Ein Staatssekretärs-Ausschuss soll nun klären, "ob und welche operativen Maßnahmen die zuständigen Ressorts gegen den möglichen Missbrauch von Sozialleistungen veranlassen können"

Der Europaabgeordnete Elmar Brok (CDU) will Fingerabdrücke, um Mehrfacheinreisen von „Sozialleistungstouristen“ zu verhindern. Im Visier hat er: "Zuwanderer, die nur wegen Hartz IV, Kindergeld und Krankenversicherung nach Deutschland kommen." Die müssten schnell zurück in ihre Heimatländer geschickt werden, getreu dem CSU-Motto: "Wer betrügt, der fliegt."

Dem Koalitionspartner CSU ließ Außenminister Frank-Walter Steinmeier (SPD) über seinen Staatsminister mitteilen: "Wer mit solchen dummen Parolen meint, Stimmung machen zu müssen, herrscht weder über dem bayerischen Stammtisch, noch regiert er professionell in Berlin."

Die CSU habe Europa nicht verstanden, so der Staatsminister Michael Roth. Und die SPD habe den Koalitionsvertrag nicht verstanden, beschied CSU-Chef Seehofer: "Wer sich da jetzt aufplustert, sollte auf Seite 108 nachlesen."

Einen zuwanderungsfreundlichen Grundton kann man daraus tatsächlich nicht unbedingt herauslesen. Das wird schon bei den ersten Sätzen auf Seite 108 deutlich; sie räumen denen, die mit "Sozialleistungstourismus" Stimmung machen, schon nach dem ersten Satz, der das EU-Grundrecht auf Arbeitnehmerfreizügigkeit nicht als Grundsatz und Anspruch statuiert, sondern an Akzeptanz bindet, viel Spielraum ein:

"Wir wollen die Akzeptanz für die Freizügigkeit in der EU erhalten. Wir werden deshalb der ungerechtfertigten Inanspruchnahme von Sozialleistungen durch EU-Bürger entgegenwirken. (...)
Wir wollen im nationalen Recht und im Rahmen der europarechtlichen Vorgaben durch Änderungen erreichen, dass Anreize für Migration in die sozialen Sicherungssysteme verringert werden. Dafür sind ein konsequenter Verwaltungsvollzug, die Bekämpfung von Scheinselbständigkeit und Schwarzarbeit, eine verbesserte Zusammenarbeit zwischen Zoll und Behörden vor Ort, ein besserer behördlicher Datenaustausch, die Ermöglichung von befristeten Wiedereinreisesperren sowie aufsuchende Beratung notwendig. (...)

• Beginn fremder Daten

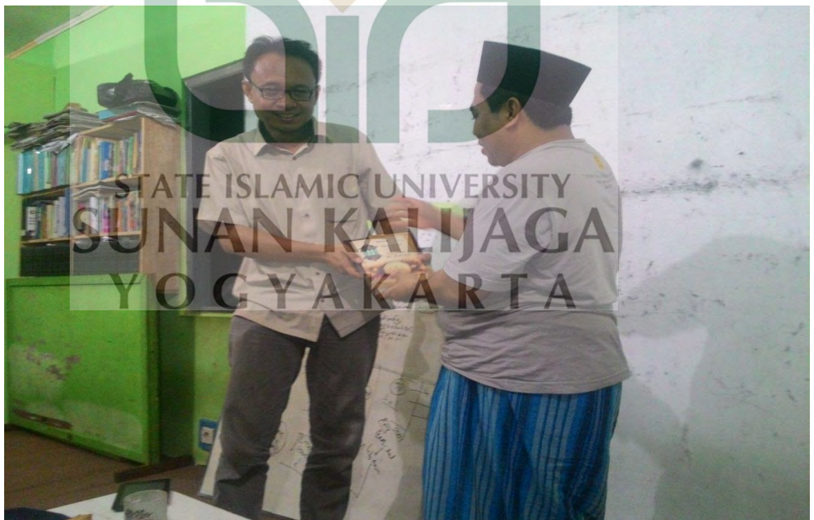
Diskusi dengan Peneliti Pusat Studi Ekonomi Kerakyatan UGM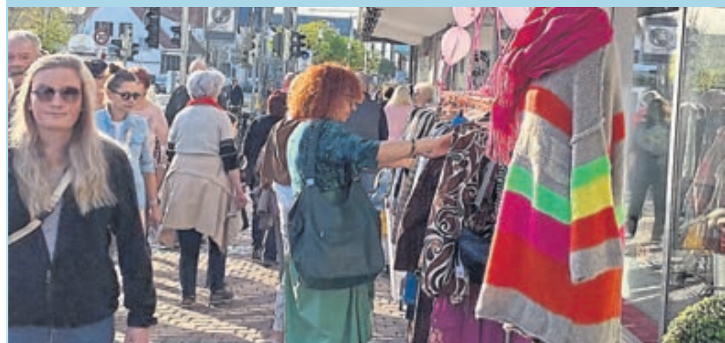
Auch die Geschäfte auf der Griesheimer Ladenzeile laden am Frühlingssonntag ein. Dabei darf im abwechslungsreichen Angebot gestöbert werden und das eine oder andere Schnäppchen geschlagen werden.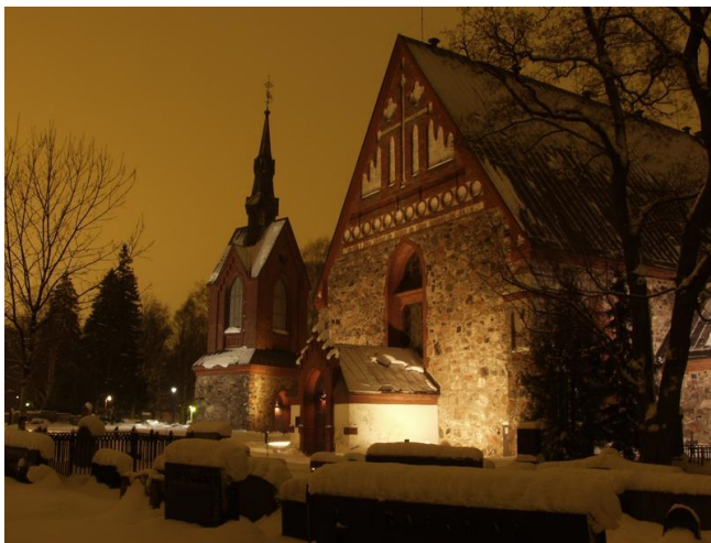
Kuva 2. Pyhän Laurin Kirkko Helsingin Pitäjässä Vantaalla

Turvallisuuteen ei ole Espoon kirkon hautausmaalla kiinnitetty huomiota sen enempää. Hautausmaalla ei ole omia kameroita, vaan ainoat ovat kirkon rakennusten yhteydessä. Tähän asti Espoon hautausmaat ovat säilyneet ilman ilkivaltaa. Työntekijöiden toiveita löytyy aina, joista yleisimpiä ovat uuden kaluston hankkiminen, sekä palkan korotukset.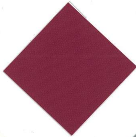
V-05 : バーガンディ 透光率 0.66%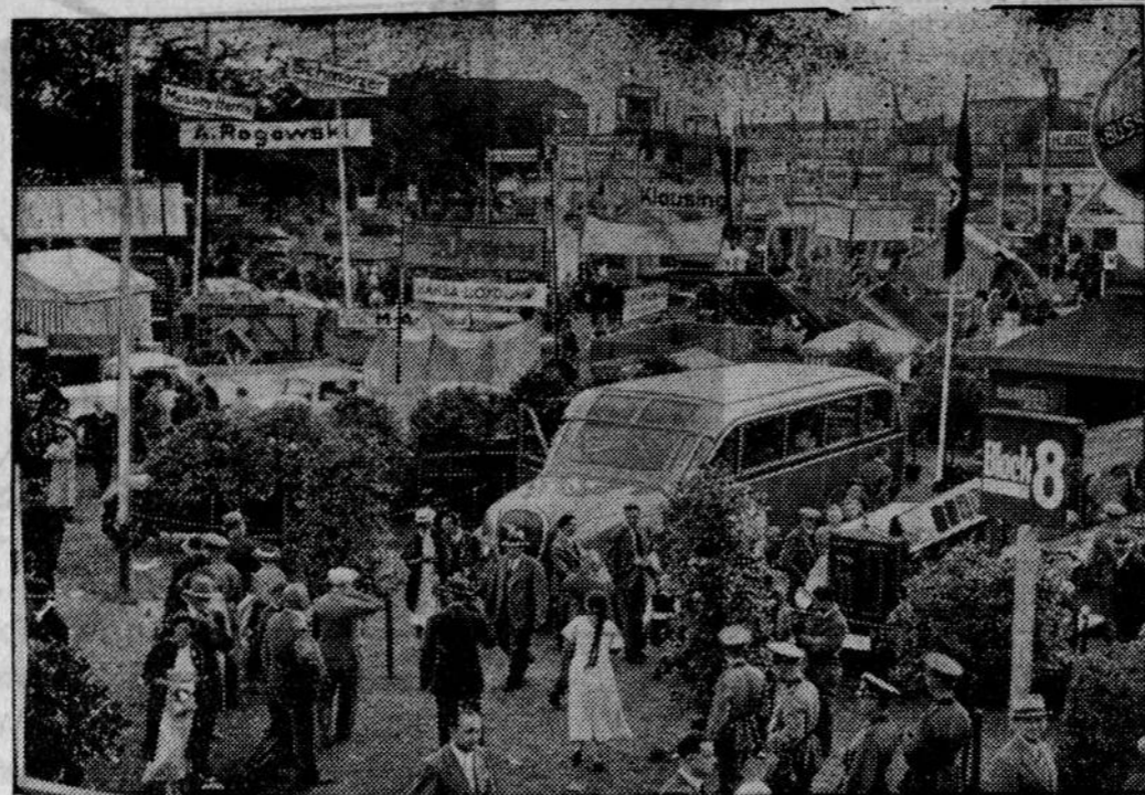
24. Targi Wschodnie otwarte zostały w Królewcu. Na obrazku widzimy fragment targów.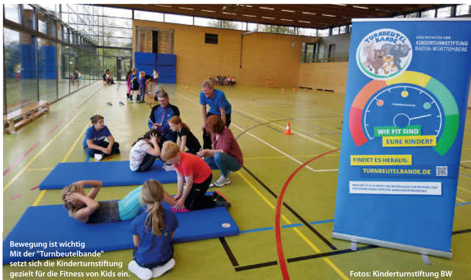
Bewegung ist wichtig Mit der „Turnbeutelbande“ setzt sich die Kinderturnstiftung gezielt für die Fitness von Kids ein.

Übrigens: Für die fünf ersten Kommunen, die den Motorik-Test für Kinder bei sich durchführen wollen, bietet die Kinderturnstiftung Baden-Württemberg eine kostenlose digitale Schulung an. Im Rahmen der etwa zweistündigen Veranstaltung wird der Test vorgestellt und es werden Tipps zur erfolgreichen Organisation und Durchführung gegeben, Kontakt hier: info@turnbeutelbande.de (pm/red)

CDU und SPD hätten schon bei den Verhandlungen über den Koalitionsvertrag klarer sein können (siehe Koalitionsvertrag: "Deutschland ist ein weltoffenes Land"). Man hätte sich besser vorbereiten können, es war doch allen klar, dass mit diesem Jahr die volle Freizügigkeit für Bulgaren und Rumänen beginnt.

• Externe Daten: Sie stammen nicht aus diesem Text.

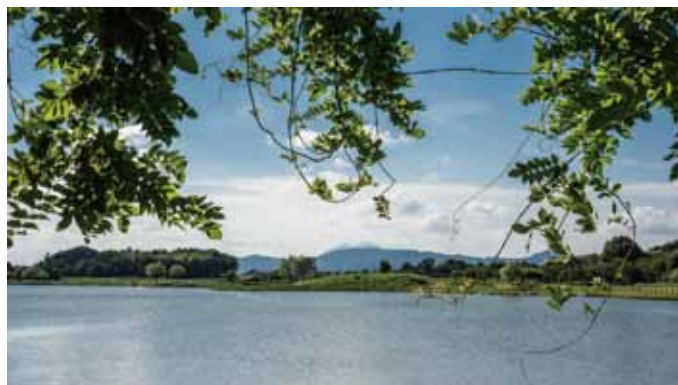
「平成土浦百景：鶴沼初夏 写真 せき こう氏」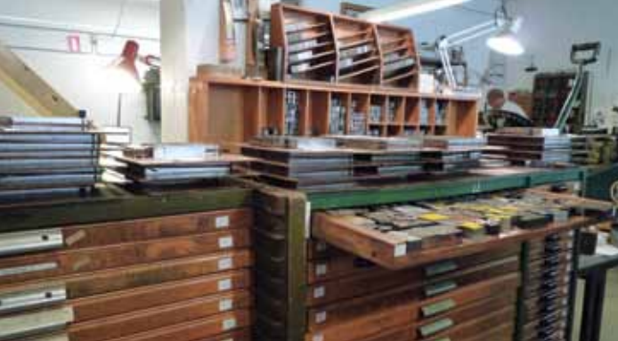
Satsreoler i en gade i sætteri.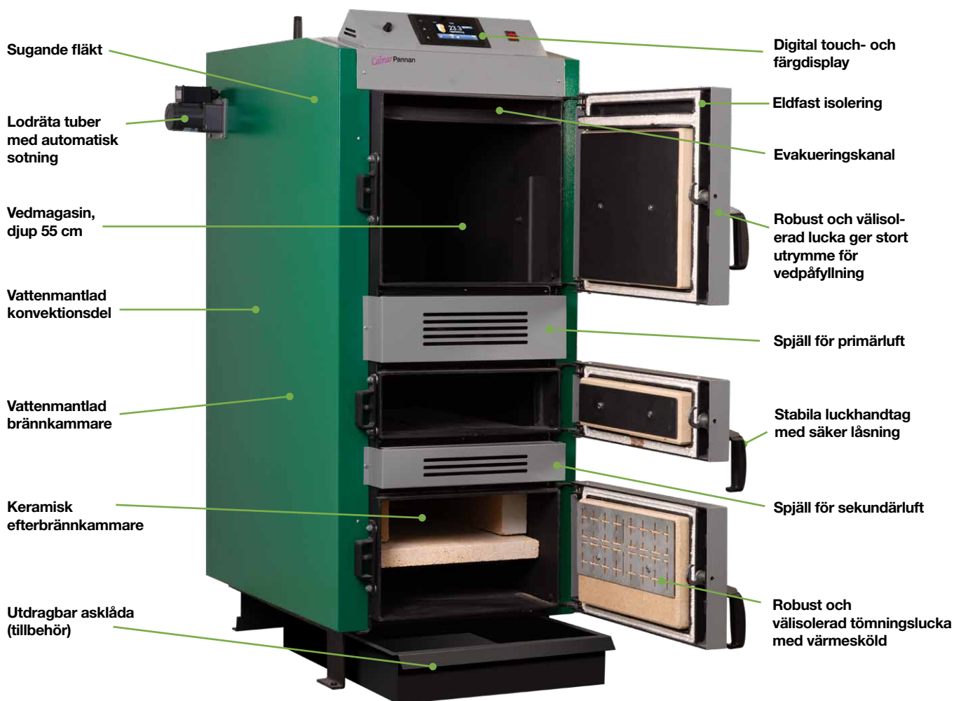
Calmarpannan V40 Ecodesign.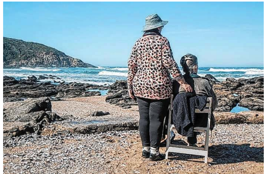
Vortrag am 09. Mai- Lernen Sie den Pflegestützpunkt und sein Eninger Angebot kennen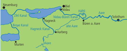
(Grafiken: Markus Capirone)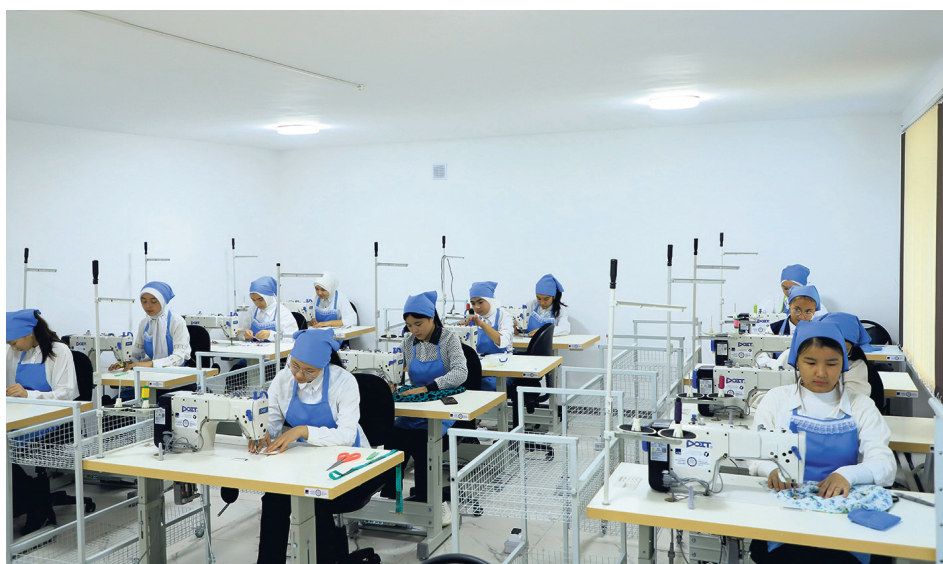
БИЛИМ, ИЛИМ, ӨНДҮРҮШ!

Merkel telefoniert und orientiert sich an der Mehrheitsstimmung

Angesichts der Spannungen der Koalitionspartner, die in Hinlick auf die Wahlen dieses Jahres auf ihr jeweiliges Profil achten, bemüht sich nun die Kanzlerin Angela Merkel (CDU) um Beschwichtigung. Sie hat mit ihrem Vizekanzler aus der SPD telefoniert und vereinbart, einen Staatssekretärs-Ausschuss einzusetzen, der soll sich mit der Frage beschäftigen, "ob und welche operativen Maßnahmen die zuständigen Ressorts gegen den möglichen Missbrauch von Sozialleistungen veranlassen können".

Der Ton bleibt auf Abwehr bedacht, die Anweisung klingt eher nach Misstrauen und weniger nach Willkommen. Der Sprecher des Außenministers Steinmeier hatte zuvor eine andere Perspektive angelegt und einen ganz anderen Ton angespielt: Dass die Arbeitnehmerfreizügigkeit nämlich unverzichtbarer Teil der europäischen Integration sei, die er als "riesengroße Erfolgsgeschichte" sehe. Es schade Deutschland und Europa, diese Erfolgsgeschichte in Frage zu stellen oder zu bestreiten, zitiert ihn der Bericht, der in der Frankfurter Rundschau zu lesen ist. Der Artikel endet mit dem lapidaren Satz, dass der Außenminister nichts dagegen habe, existierende Mittel gegen Missbrauch zusammenzutragen.

"Wer nach Deutschland kommen will, konnte dies auch zuvor schon", machte der Hauptgeschäftsführer des Deutschen Städte- und Gemeindebunds, Gerd Landsberg, gegen die gerade laufende Stimmungspolitik geltend. Und die Rheinische Post hat sich Zahlen der Bundesagentur für Arbeit angeschaut:

"Der Anteil der Leistungsbezieher unter den in Deutschland lebenden Bulgaren lag bei 14,8 Prozent und bei den Rumänen bei 7,4 Prozent. Für Bulgaren gab der Bund 87,6 und für Rumänen 84,1 Millionen Euro aus. Das sind 0,6 Prozent der jährlichen Hartz-IV-Gesamtausgaben."